Various migration flows from countries such as Venezuela, Colombia, Cuba, Haiti, and Ecuador were noted, each driven by a mix of political, economic, safety, rule of law, and environmental reasons. What’s more, there has been a noticeable shift in migration patterns from Africa and Asia towards Latin America, as strict migration rules in Europe and North America prompt migrants to explore alternative routes.
In light of these observations, Mr. Pahladsingh emphasized the importance of regional cooperation among Latin American countries, including Panama. Sharing information and collaborating on migration flows can lead to a more balanced and effective approach to migration management.
“Panama has faced a lot of new migrants. Panama is hospitable in receiving migrants. However, the increase in the number of migrants has had an effect on the reception capacity and procedures.”
The sheer scale of migration through Panama is staggering. In 2019, an estimated 24,000 migrants passed through Panama. By August 2023, this number had skyrocketed to 340,000, with an expected 400,000 by year-end. While Panama has demonstrated hospitality in receiving migrants, this influx has stretched the country’s reception capacity and procedures.
The economic impact of excessive migration flows on Panama cannot be underestimated. Moreover, the perilous journey many migrants undertake through the inhospitable Darien forest, a national reserve inhabited by indigenous people, has led to significant environmental degradation. This includes damage to flora and fauna, a consequence that demands urgent attention.
“Despite all the efforts Panama is already doing, in my opinion there are several solutions in order to regulate the migration flows in the region to create a more effective migration management. There should be more cooperation on migration flows from other countries in the region as well as the USA (country of destination). Accurate and reliable figures are necessary to implement a good migration policy. Furthermore, although Panama has dedicated over 65 million US dollars in direct assistance to migrants, with the economic assistance of other countries additional investments can be made in order to create a more effective asylum and immigration procedure. Another solution is to realize readmission agreements with the countries where the migrants come from to create the incentive of deportation.”

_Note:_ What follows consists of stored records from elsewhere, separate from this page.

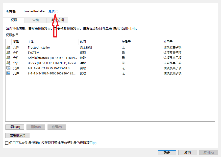 5.根据图片中的箭头指示,将所有者改为自己的用户名
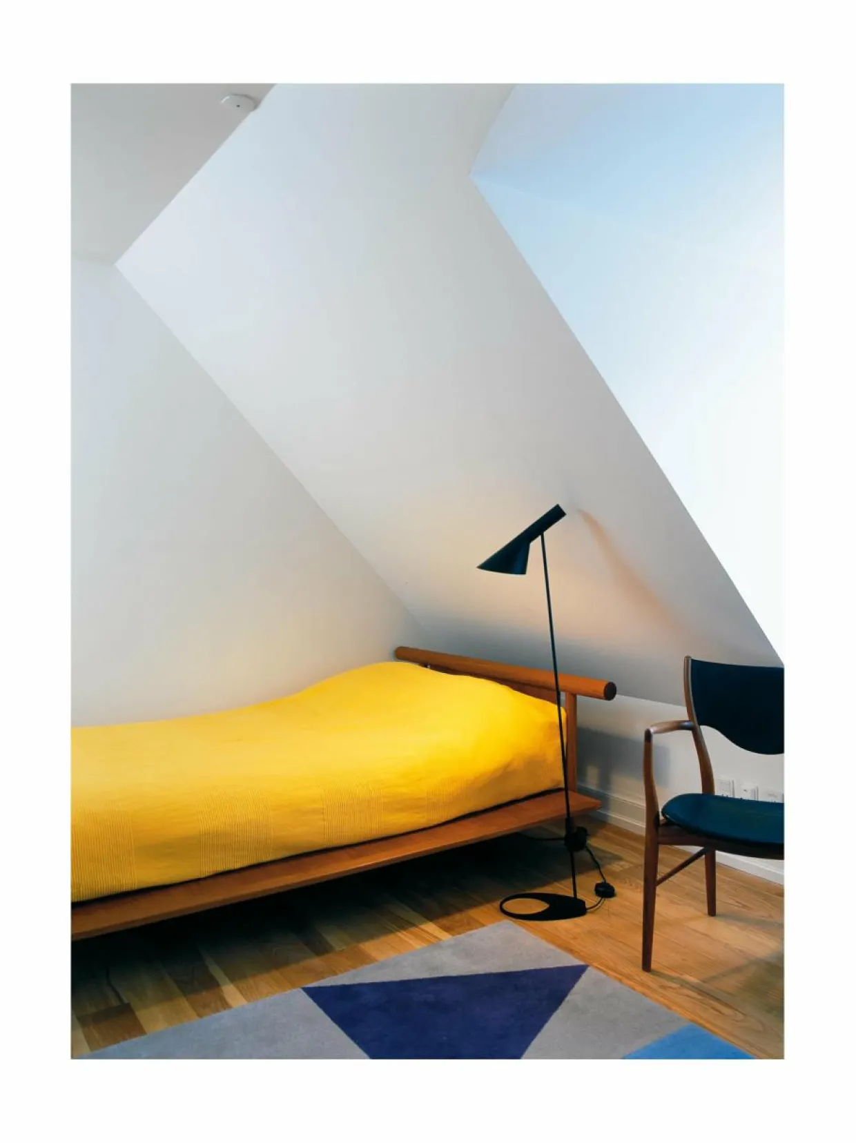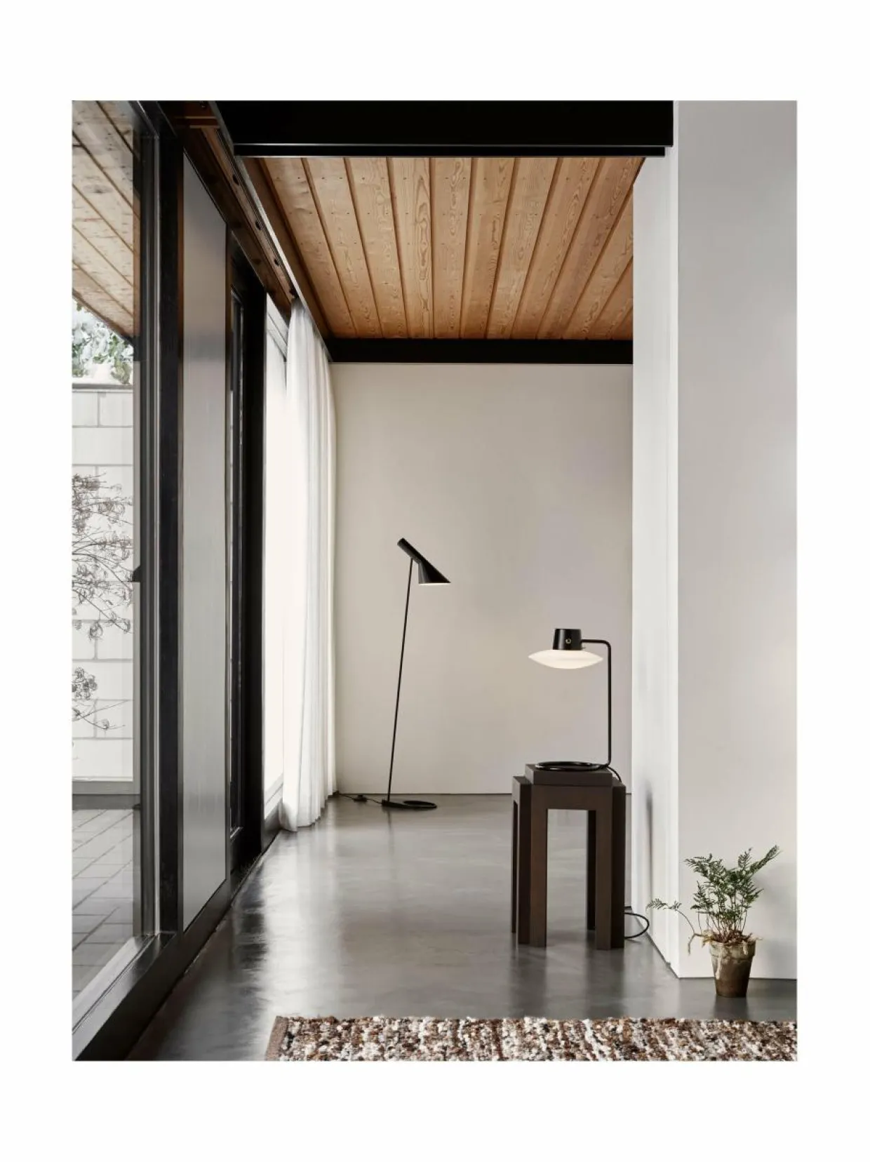 Arne Jacobsen suunnitteli yksinkertaisen tyylikkään AJ-valaisimen vuonna 1960 Kööpenhaminan Radisson SAS royal -hotelliin. Ajattoman muotokielensä ansiosta valaisin sopii hyvin monenlaiseen ympäristöön. Kallistuva varjostin voidaan säätää haluttuun asentoon ja kohdistaa valo juuri sinne, missä sitä tarvitaan. Valonlähde E27, 60W, A60. Korkeus on 130 cm, varjostimen pituus 32,5 cm, jalustan halkaisija 27,5 cm ja johdon pituus 2,6 m.
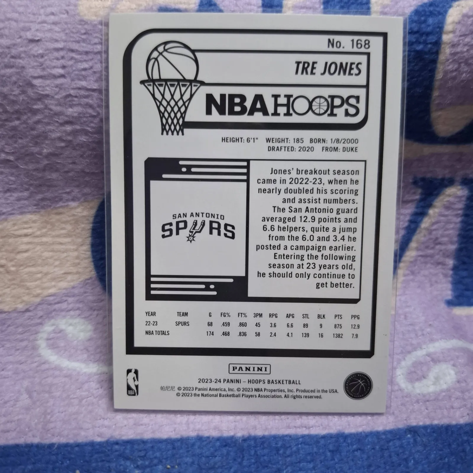 This is a 2022-23 NBA Hoops basketball card featuring a San Antonio Spurs player in action. The card showcases excellent photography with vibrant colors and sharp details, capturing a dynamic game moment. Perfect for collectors of NBA Hoops or Spurs memorabilia.
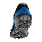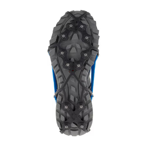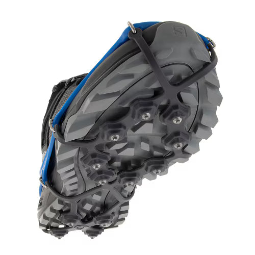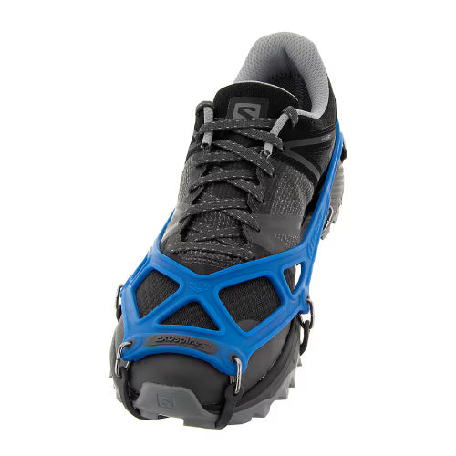 EXOspikesは冬期のトレイルランニングやハイキング向けに開発されたモデルです。氷や雪、土など様々なフィールドが発生する冬の低山で、12本のスパイクが優れたグリップ力を発揮します。足裏全体に効果的に配置された12本のスパイクにより、雪上でも快適に歩くことができます。柔軟性に優れたバンド仕様で、シューズの形状に合わせて伸ばして引っ掛けるだけで簡単に装着できるため、初心者の方にもおすすめです。

Tragically, the journey for migrants through this forest also exposes them to grave dangers, such as human smuggling and, in some cases, sexual exploitation. It is organized crime groups that primarily benefit from these tragic situations.
In light of these challenges, Mr. Pahladsingh suggested a series of solutions to regulate migration flows more effectively in the region:
Enhanced Cooperation on Migration Flows
Regional collaboration is paramount. Countries in Latin America, as well as the United States as the destination country, should work together to establish coherent migration policies and share accurate data.
Increased Financial Investment
Panama’s commitment to dedicating $65 million in direct assistance to migrants is commendable. However, with additional economic support from other countries, more can be done to improve asylum and immigration procedures.
Creating incentives for deportation through readmission agreements with countries of migrant origin can help regulate migration flows.
International Cooperation and Investment
To address the root causes of migration, international cooperation and investments are necessary to improve political and economic conditions in the countries from which these migration flows originate.
Deputy Judge Aniel Pahladsingh’s visit to Panama was more than just a diplomatic exchange; it was a call to action. His extensive knowledge and insights on migration law have provided Panama and the broader international community with a roadmap to address the complexities of migration flows on the American continent. As we navigate the challenges of our ever-changing world, it is leaders like Mr. Pahladsingh who offer hope and practical solutions for a better future.